━━━━━ AVAILABLE DATA ━━━━━
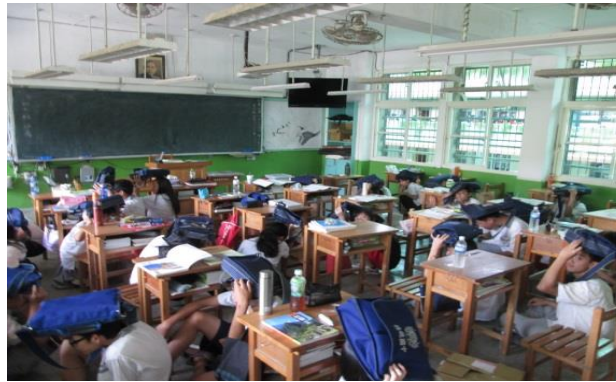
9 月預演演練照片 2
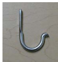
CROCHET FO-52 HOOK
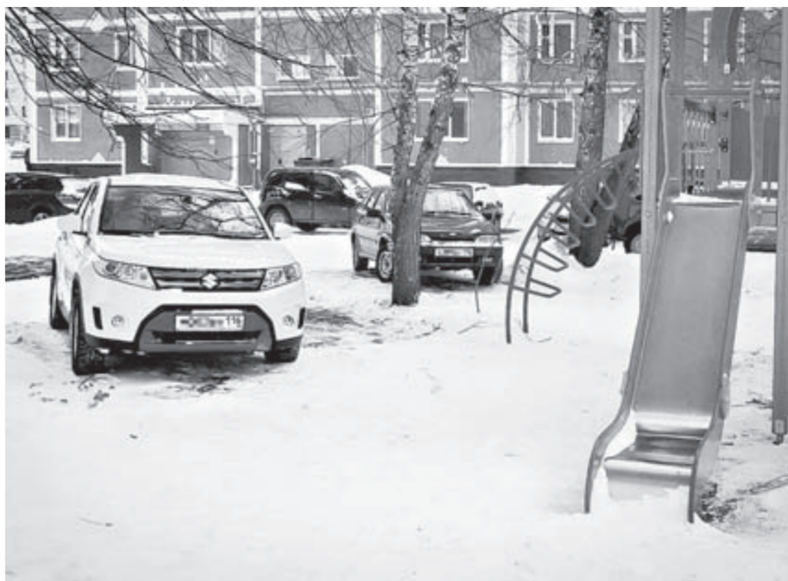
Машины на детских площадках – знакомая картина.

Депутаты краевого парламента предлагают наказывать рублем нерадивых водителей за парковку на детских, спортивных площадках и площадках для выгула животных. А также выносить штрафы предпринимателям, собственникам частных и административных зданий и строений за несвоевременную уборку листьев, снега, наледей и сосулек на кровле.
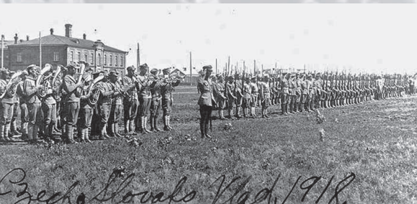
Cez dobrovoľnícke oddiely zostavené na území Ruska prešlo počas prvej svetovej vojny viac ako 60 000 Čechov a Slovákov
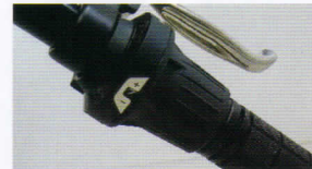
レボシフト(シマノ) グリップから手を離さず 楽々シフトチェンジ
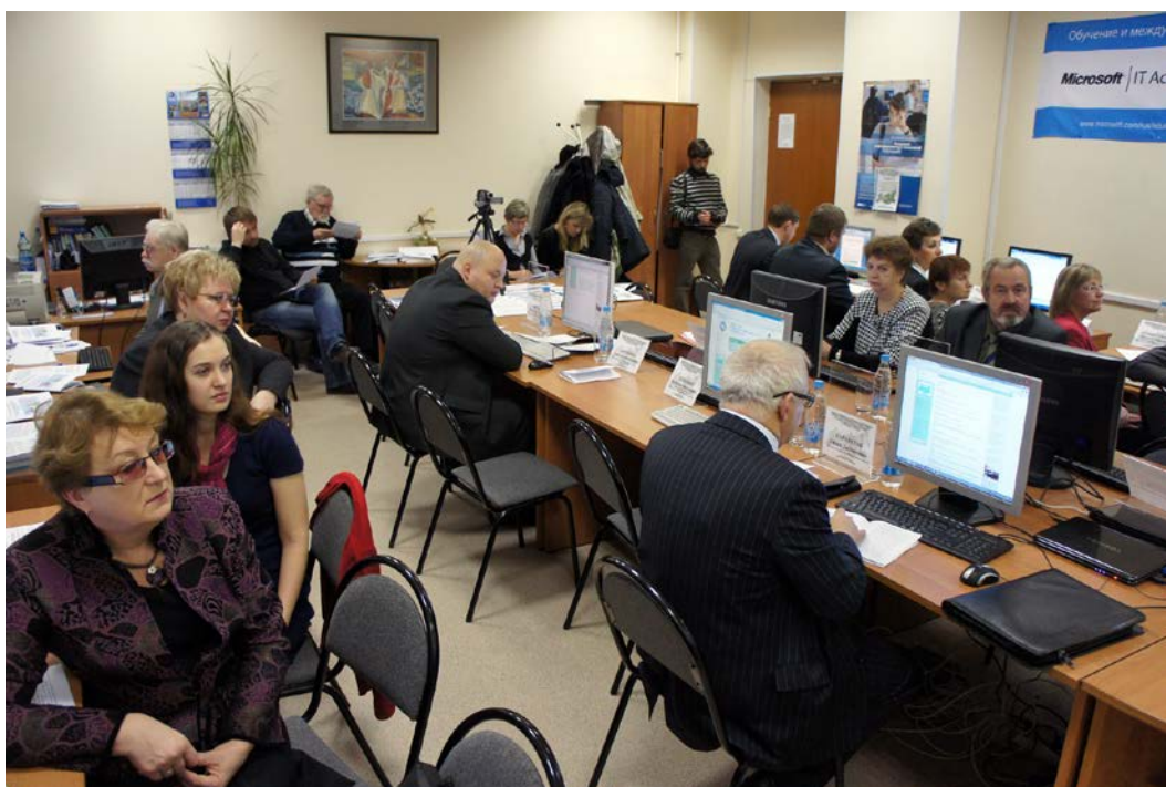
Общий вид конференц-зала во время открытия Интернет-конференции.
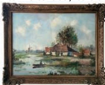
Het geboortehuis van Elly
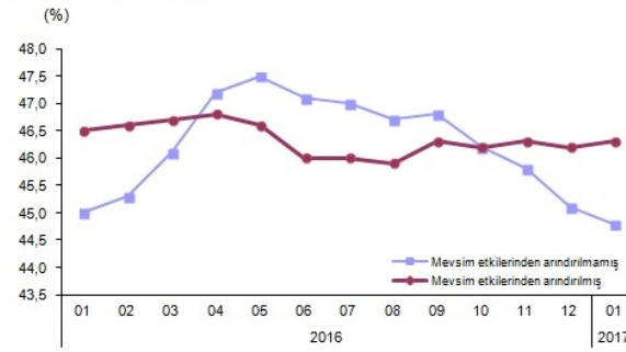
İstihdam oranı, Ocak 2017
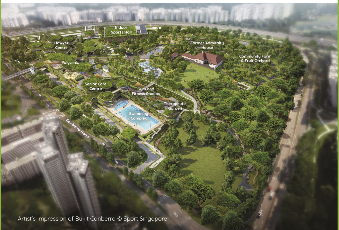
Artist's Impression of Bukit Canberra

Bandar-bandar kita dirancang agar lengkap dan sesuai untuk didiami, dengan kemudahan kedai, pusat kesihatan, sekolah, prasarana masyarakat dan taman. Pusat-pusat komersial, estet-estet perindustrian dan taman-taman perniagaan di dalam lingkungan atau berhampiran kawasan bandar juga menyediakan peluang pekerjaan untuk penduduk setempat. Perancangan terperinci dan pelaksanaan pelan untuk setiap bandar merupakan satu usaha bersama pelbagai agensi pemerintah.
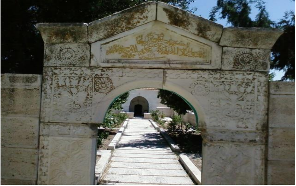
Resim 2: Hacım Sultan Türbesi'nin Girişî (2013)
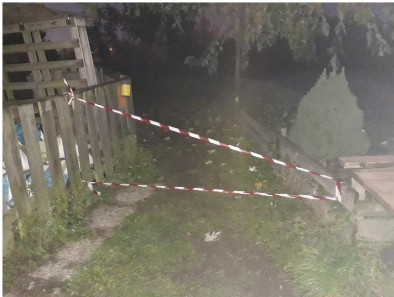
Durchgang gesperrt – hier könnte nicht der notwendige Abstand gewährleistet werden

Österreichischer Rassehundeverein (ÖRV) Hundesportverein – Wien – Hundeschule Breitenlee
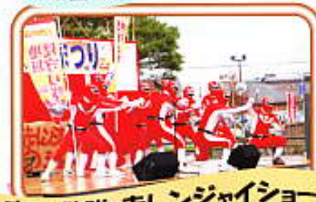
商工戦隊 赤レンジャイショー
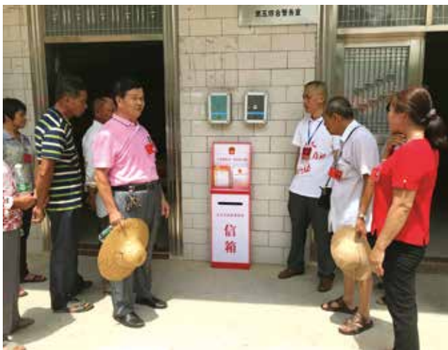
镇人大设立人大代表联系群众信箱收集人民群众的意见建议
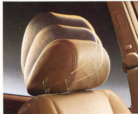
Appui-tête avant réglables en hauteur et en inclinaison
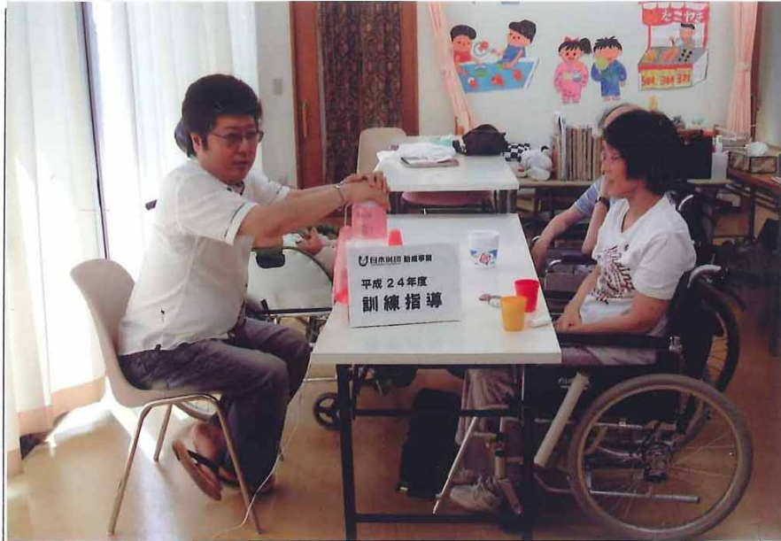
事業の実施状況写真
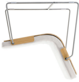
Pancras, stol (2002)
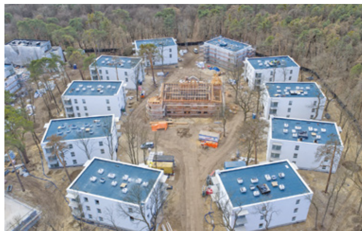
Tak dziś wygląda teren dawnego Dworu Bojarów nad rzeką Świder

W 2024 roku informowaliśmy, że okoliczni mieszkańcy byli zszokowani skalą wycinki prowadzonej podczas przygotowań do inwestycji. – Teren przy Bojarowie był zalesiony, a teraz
━━━━━
__AIM OF THE EXERCISE__
Return the material line for line, from its beginning to the line that contains "Депутаты краевого парламента", with the pictures left out.

__YOUR SOLUTION__
9 月預演演練照片 2
CROCHET FO-52 HOOK
Машины на детских площадках – знакомая картина.

Депутаты краевого парламента предлагают наказывать рублем нерадивых водителей за парковку на детских, спортивных площадках и площадках для выгула животных. А также выносить штрафы предпринимателям, собственникам частных и административных зданий и строений за несвоевременную уборку листьев, снега, наледей и сосулек на кровле.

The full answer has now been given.